In questo modo Maria, «nuova Eva», con la sua obbedienza ripara i danni causati dalla disobbedienza della prima donna, al pari di Cristo, «nuovo Adamo», che riversa la sua Grazia con abbondanza riparando al male provocato dal primo uomo (Rm 5). È alla luce di tale collaborazione tra madre e figlio, che Caravaggio interpreta il brano di Gen 3 nella sua “Madonna dei Palafrenieri”, ove compaiono le figure di Maria, del Bambino Gesù e di Sant’Anna, in cui Maria sostiene il piccolo, che pone il piedino su quello della madre, schiacciando insieme la testa del serpente.

 

 

Ne Il diario di un parroco di campagna di Georges Bernanos (1936) compare un ampio brano, nel quale si riporta uno dei discorsi che il parroco di Torcy pronuncia al giovane prete, protagonista della storia:

«È nostra madre, si capisce. La madre del genere umano, la nuova Eva. Ma è anche sua figlia. Il mondo antico, mondo doloroso, il mondo anteriore alla Grazia, l’ha cullata tanto tempo sul suo cuore desolato – secoli e secoli – nell’attesa oscura, incomprensibile di una virgo genitrix… Per secoli e secoli ha protetto con le sue vecchie mani cariche di misfatti, mani pesanti, la meravigliosa bambina di cui ignorava persino il nome. Una bambina, questa regina degli Angeli! E lo è restata bambina, non scordarlo! Il Medioevo lo aveva capito bene, il Medioevo ha capito tutto. Ma va’ a impedire agli imbecilli di rifare a modo loro “il dramma dell’incarnazione”, come dicono. Mentre si sentono in dovere, per ragioni di prestigio, di agghindare come per carnevale dei modesti giudici di pace o di cucire ai ferrovieri qualche patacca sulla manica, si vergognerebbero troppo di dire ai non credenti che il solo, unico dramma, il dramma dei drammi – non ce ne sono altri – è stato rappresentato senza messinscene né fronzoli. Pensaci! Il Verbo si è fatto carne e i cronisti di allora ne hanno saputo un bel niente! Eppure la quotidiana esperienza insegna che tutte le vere grandezze, anche quelle umane, il genio, l’eroismo, l’amore stesso – il loro povero amore -, è una fatica del diavolo riconoscerle! Tanto che novantanove volte su cento vanno a portare i loro fiori di retorica al cimitero, si arrendono soltanto ai morti. La santità di Dio! La semplicità di Dio…» (p. 170).
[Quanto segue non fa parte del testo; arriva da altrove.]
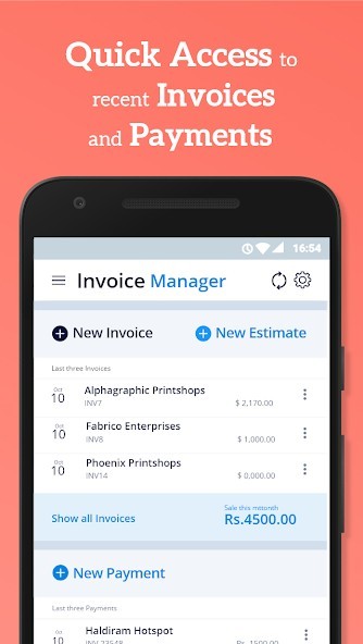 Invoice manager helps you right from raising an invoice to recording payment for the invoice and then finally providing a receipt all from one app.Using Simple Invoice Manager, you can also record purchases and keep track of inventory. Further you can record and track Sales Orders Received as pending or fulfilled. The App will also help you genrate profit and Loss reports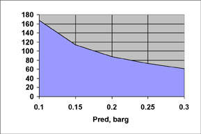 As we increase the capability of the silo to withstand the maximum pressure during venting (Pred) the required vent area is decreased. The first incremental increase in Pred provides the maximum benefit in reducing the vent area as shown in Figure 1.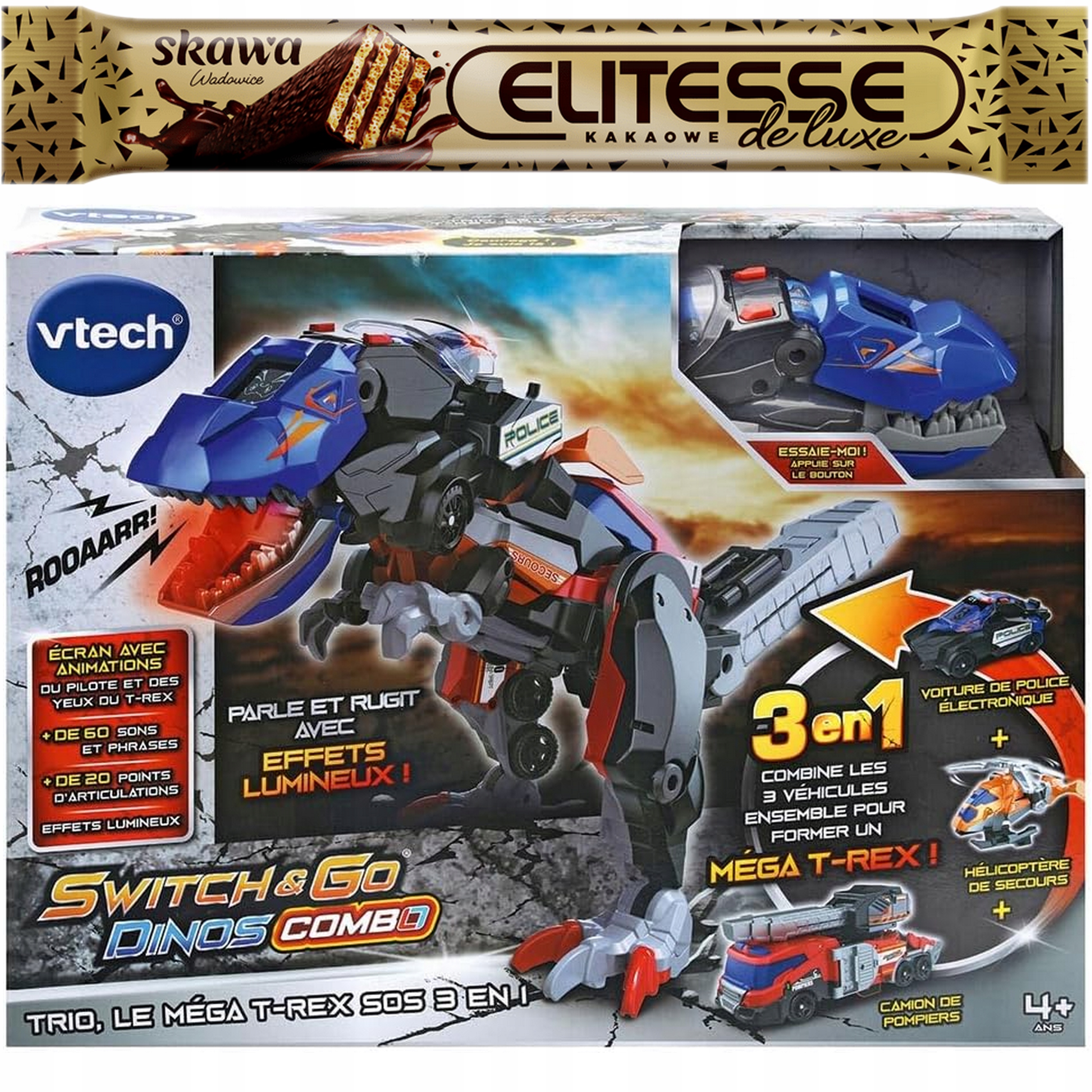 ➡️➡️⭐️⭐vtech - Switch & Go Dinos Combo, Dinosaur Trio, Mega T -Rex SOS 3 in 1, police car, fire truck, helicopter, articulated dinosaur toy, gift for children from 4 years - content in h1> Manufacturer: VTech h2> version: French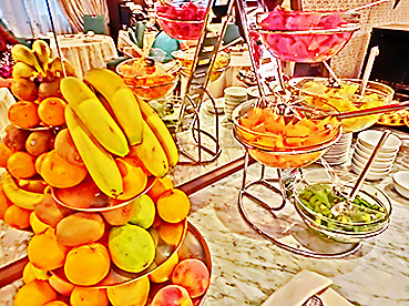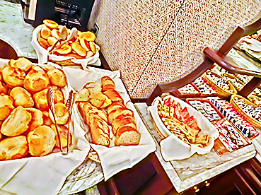 各種のフルーツやパンも山盛りで、朝から食べ過ぎて、悲鳴をあげる者が続出(笑)。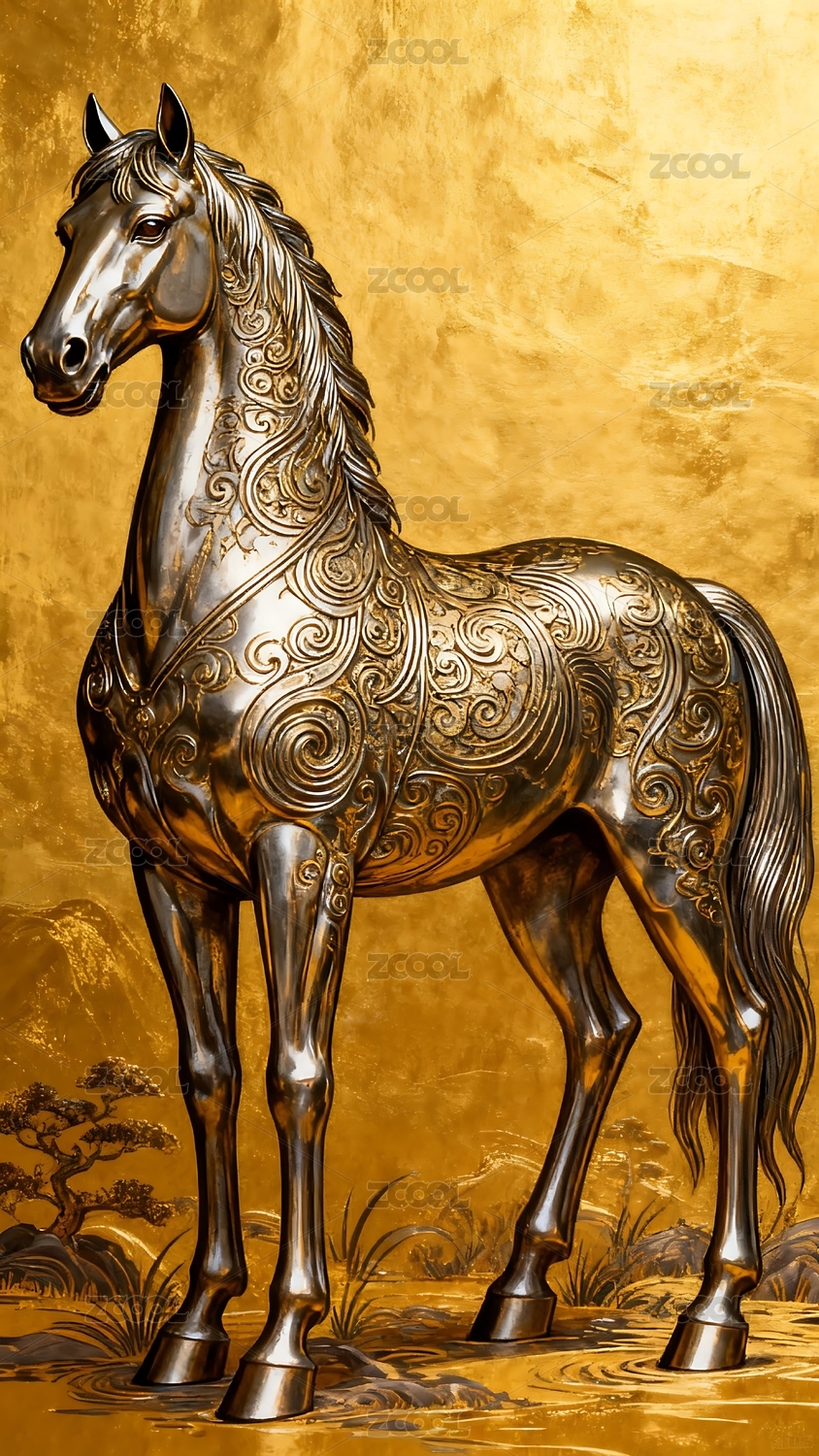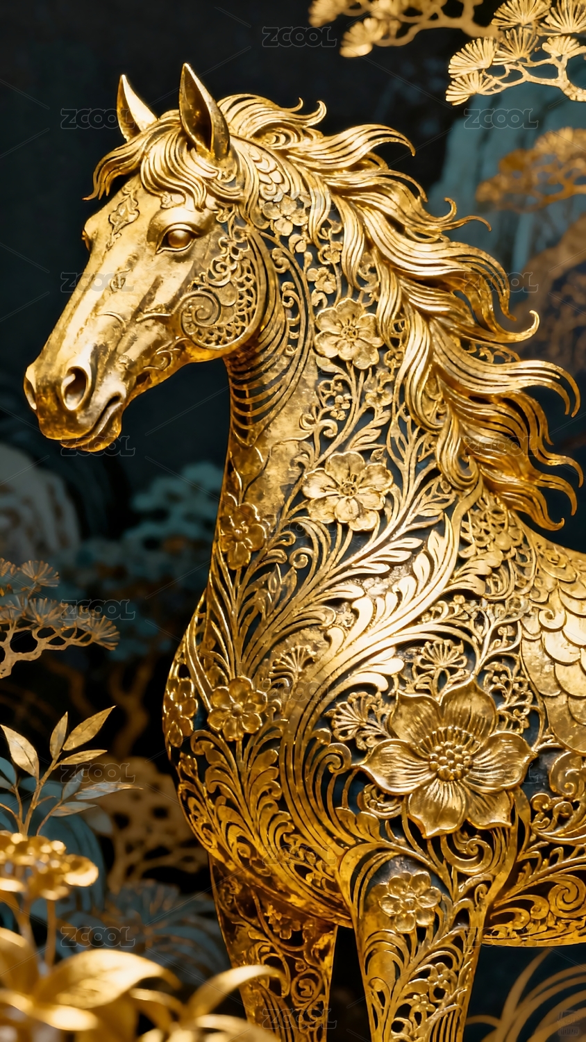 马,金色,装饰,设计,花纹,背景,金属,艺术,细节,雕刻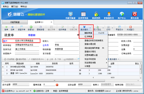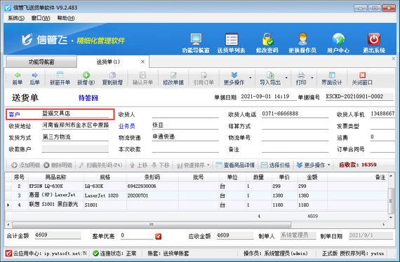 信管飛送貨單軟件是一款針對中小型企業開發的集送貨管理、應收款管理等為一體的送貨單打印軟件。使用軟件時如果送貨單確認開單后,發現客戶名稱有誤,系統不支持直接修改,那么該如何處理呢?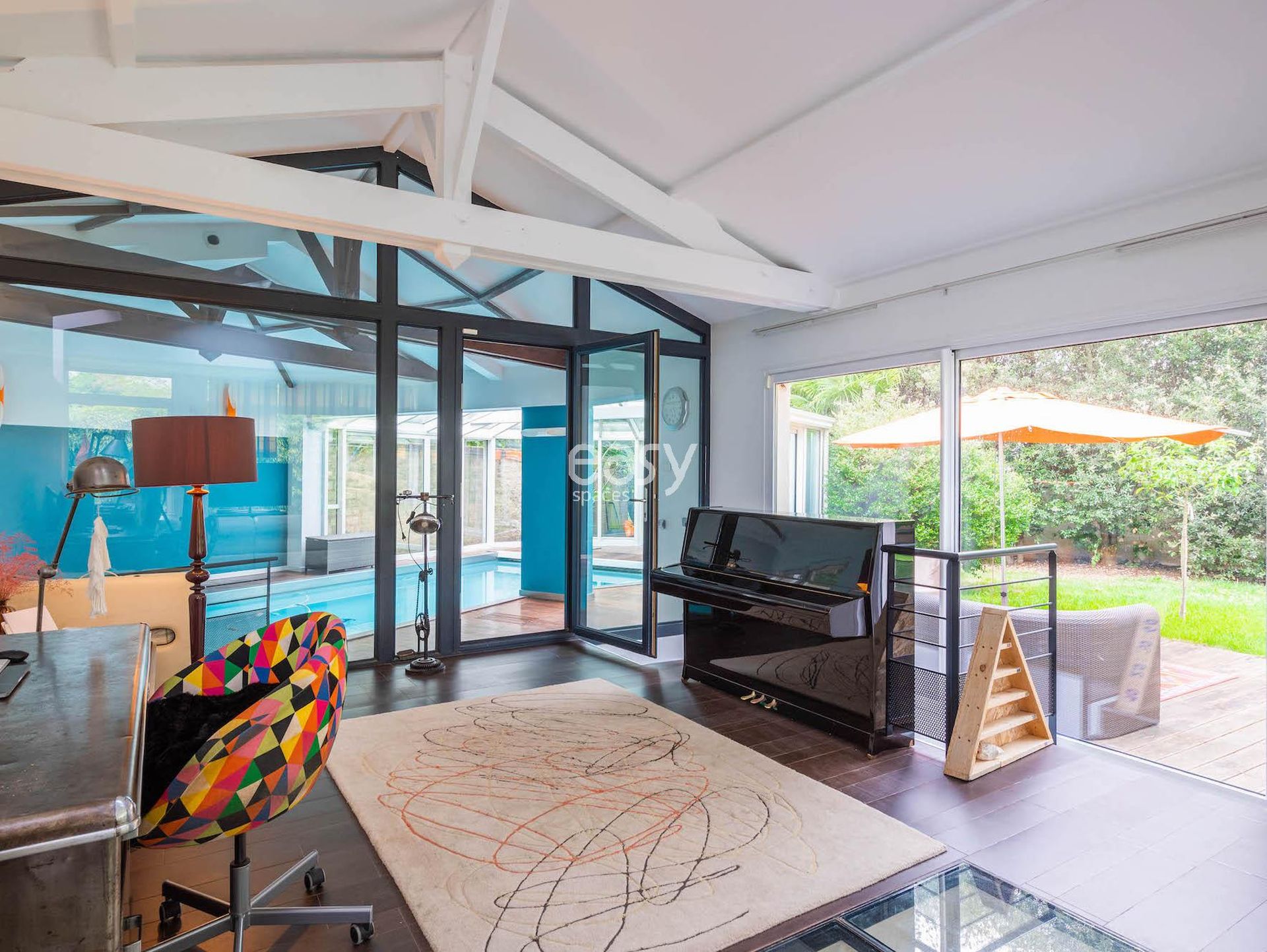 Piscine intérieure chauffée, dans un espace baigné de lumière naturelle, parfait pour des prises de vues spectaculaires ou des ambiances intimistes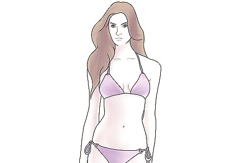 Do Angel-worthy make up. To look like a VS Angel, you need to learn how to do your makeup like a VS angel. The Angels don’t tend to go overboard on their makeup, they prefer more of a healthy, glowing look with some added sparkle and shimmer! Try to go for a mineral or powder foundation that matches your skin tone perfectly - you really don’t want to look like you’re caked in makeup! Apply a little matching concealer under the eyes or to cover any blemishes, if necessary. Then use a pinky-bronze colored blush to add a healthy glow to your cheeks. Apply eyeshadow in neutral colored creams and browns. Then, depending on your skin tone, use a black or brown eyeliner to line your upper lid only. Use a matching mascara to add volume and definition to your lashes. The Angels don’t usually wear bold lipsticks, they prefer to go for soft pink and nude pouts. Try using a balmy lipstick that’s just a shade or two lighter or darker than your natural lip color. Stay away from glosses or anything that’s too shiny or shimmering. Just look at MAC lipsticks for a lovely nude shade.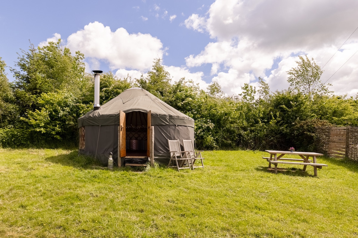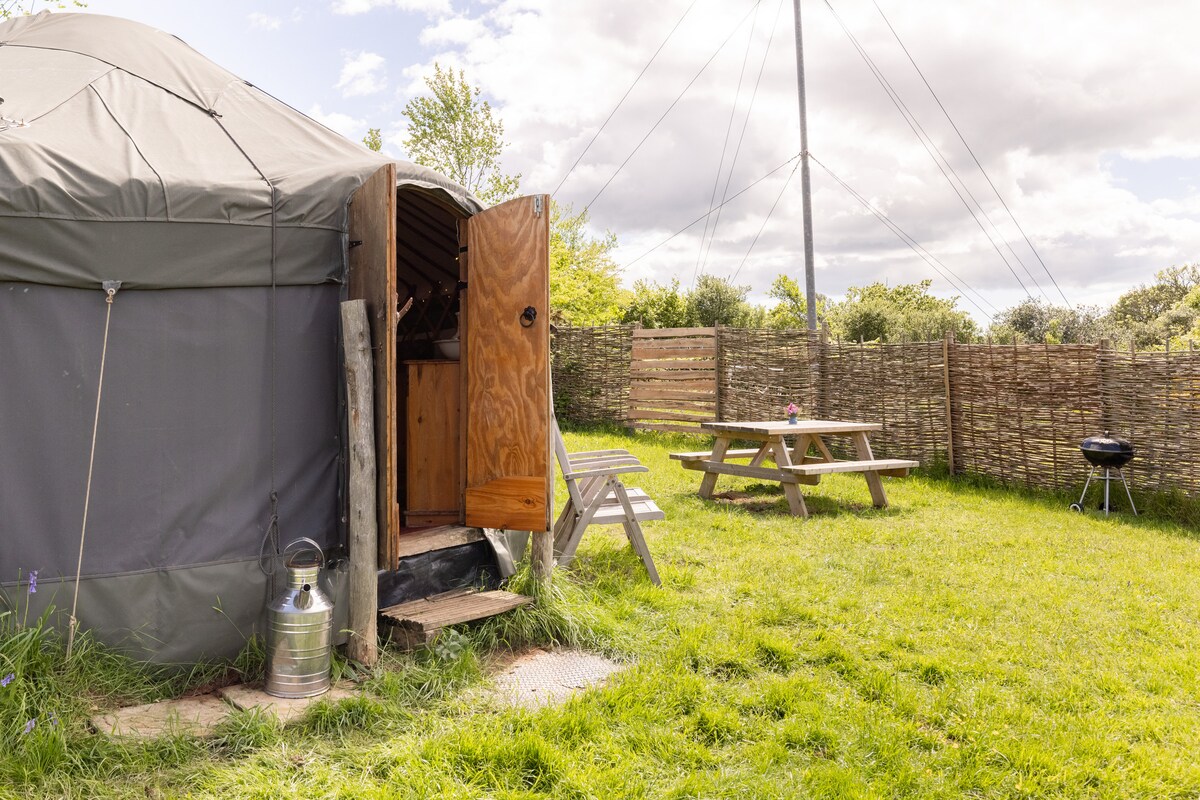 Redwood坐落在林地中,是我們舒適的康瓦爾蒙古包。美麗浪漫和溫馨,配有大雙人床、燃木爐、火坑、吊床和您需要的一切,讓您的住宿愉快。毛氈內襯,提供額外的溫暖和隔熱,並配有冬季保溫被。我們是德文郡最佳豪華露營的Muddy Stilettos獎得主,我們提供雙人租賃,我們有一個公共用區域,有巨人椅子、披薩烤箱和池塘。來Yonder Meadow漫步。放鬆、重新連結、放鬆。
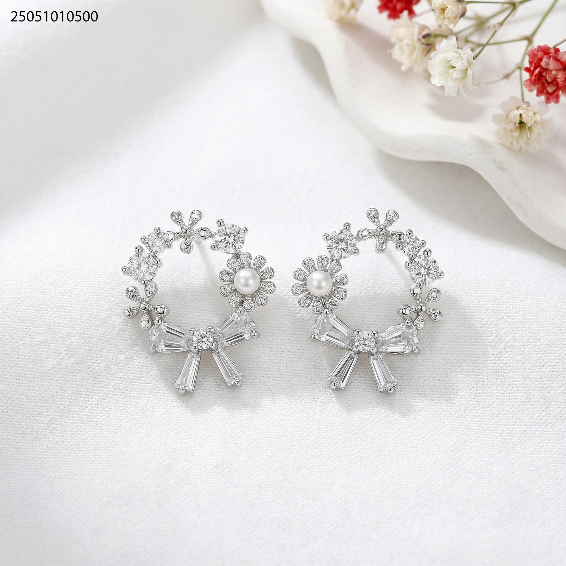 حلق على شكل حلقة ملونة بورود و زركون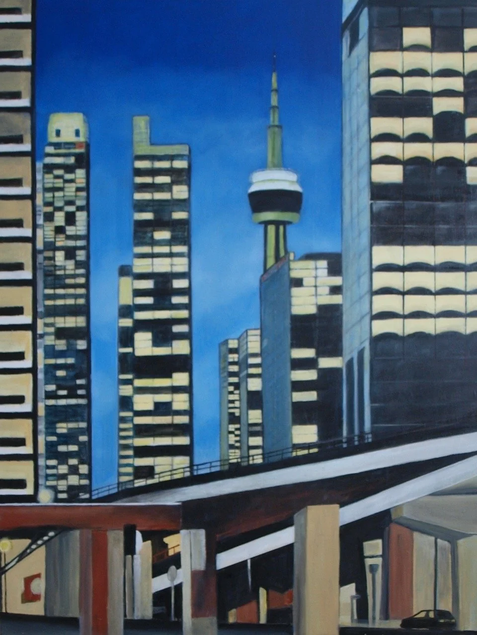 She enjoyed participating at the Wind in the Woods exhibit in October , and organized the exhibition at the Assembly Hall in Toronto. and now is working on a new body of work for the several SOVA exhibitions coming in 2023. Here is one of Helen’s wonderful recent artworks, titled Toronto.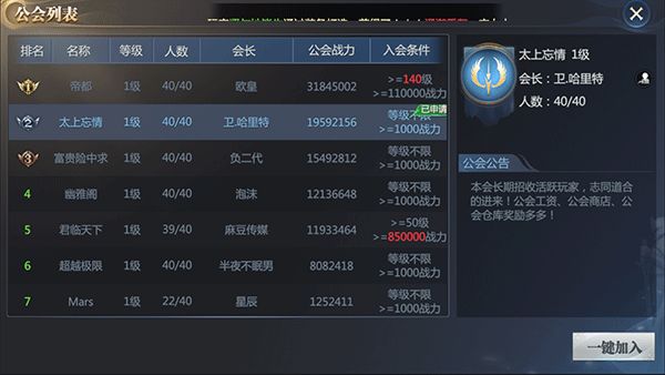 在列表界面,我们可以看到同区的其他帮会情况,了解对方的状况!知己知彼百战不殆。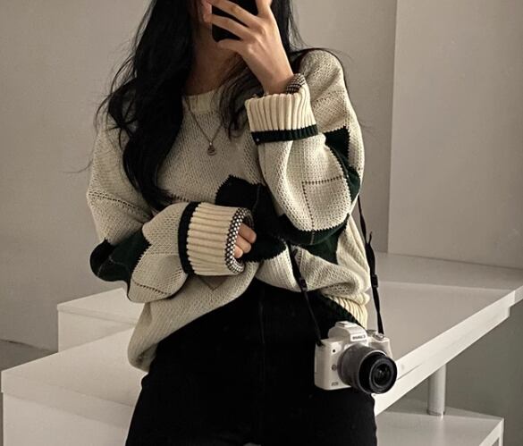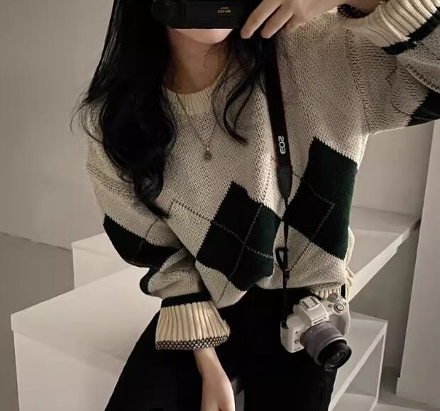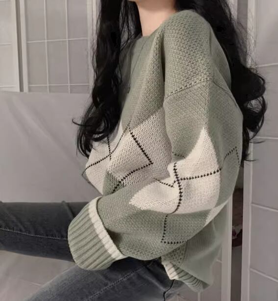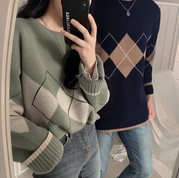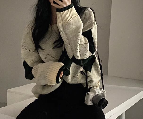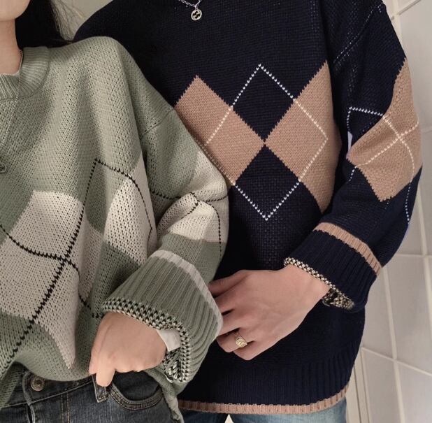 メンズ 男女兼用 ユニセックス レディース トップス ニット セーター プルオーバー ミドル丈 長袖 ラウンドネック かわいい 大人可愛い シンプル カジュアル 上品 おしゃれ かっこいい レトロ ボーイッシュ ルーズ クール エレガント ナチュラル シック 高級感 ダイヤ アーガイル 菱形 秋 冬 カップル デート お出かけ お揃い 韓国 体型カバー 普段使い 着回し トレンド 流行 ゆったり フリーサイズ ホワイト ブラック グリーン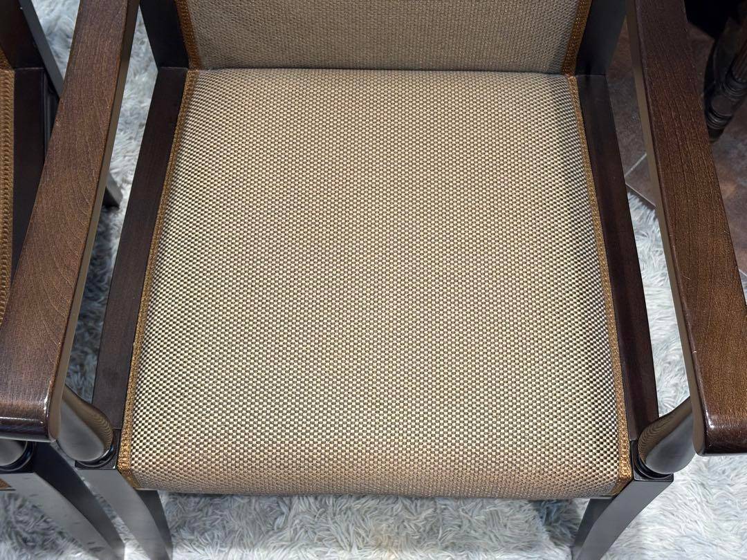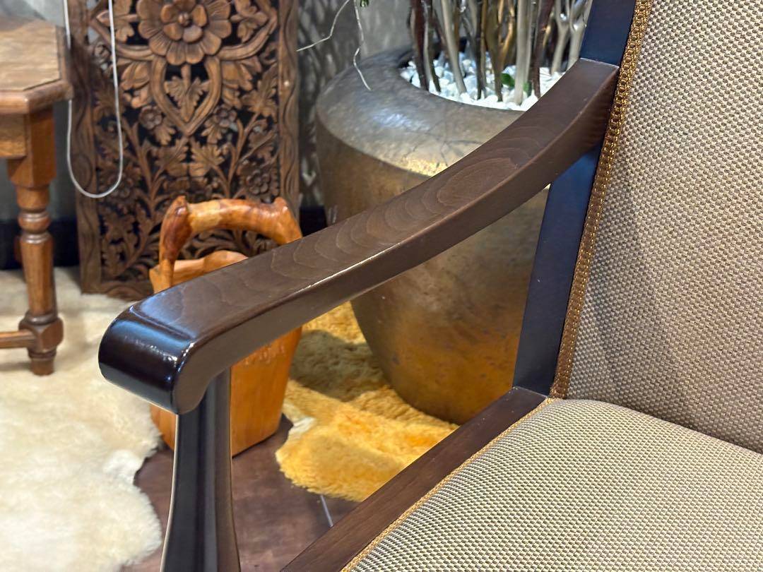 落ち着いた色調のファブリックと、端正なフレームラインが特徴的なヴィンテージのアームチェアです。

In questo passaggio, oltre a richiamare il motivo di Maria-nuova Eva, l’anziano parroco sembra «distrarsi» dal suo iniziale intento, volto a istruire il giovane, e finendo invece col parlare della semplicità di Dio nel mistero dell’incarnazione, che qui si rivela nel volto fanciullesco della madre di Dio. Una passione evangelica travolgente per un testo divenuto un classico, in quanto capace di attraversare il tempo senza perdere smalto.

 

Giambattista Tiepolo, Immacolata concezione (1767-9)

 

In questa versione di Tiepolo, come in molte altre simili, Maria calpesta il serpente, segno della sua vittoria sul male, poggiando i piedi sul globo, simbolo del mondo terrestre. Alcune di queste rappresentazioni intrecciano però la figura di Maria con la donna vestita di sole di Apocalisse 12, sulla cui attribuzione mariana gli interpreti sollevano non pochi dubbi. E tuttavia il serpente tiene in bocca la mela, nuovo richiamo all’Eden e al peccato dei progenitori. Tale associazione è risultata in particolar modo efficace per le immagini dell’Immacolata concezione: chi più di colei che è nata senza macchia può sanare la ferita del genere umano? È quindi da qui che trae ispirazione il sommo poeta nel penultimo canto del Paradiso:

La piaga che Maria richiuse e unse,

quella ch’è tanto bella da’ suoi piedi

è colei che l’asperse e che la punse. (Paradiso, XXXII)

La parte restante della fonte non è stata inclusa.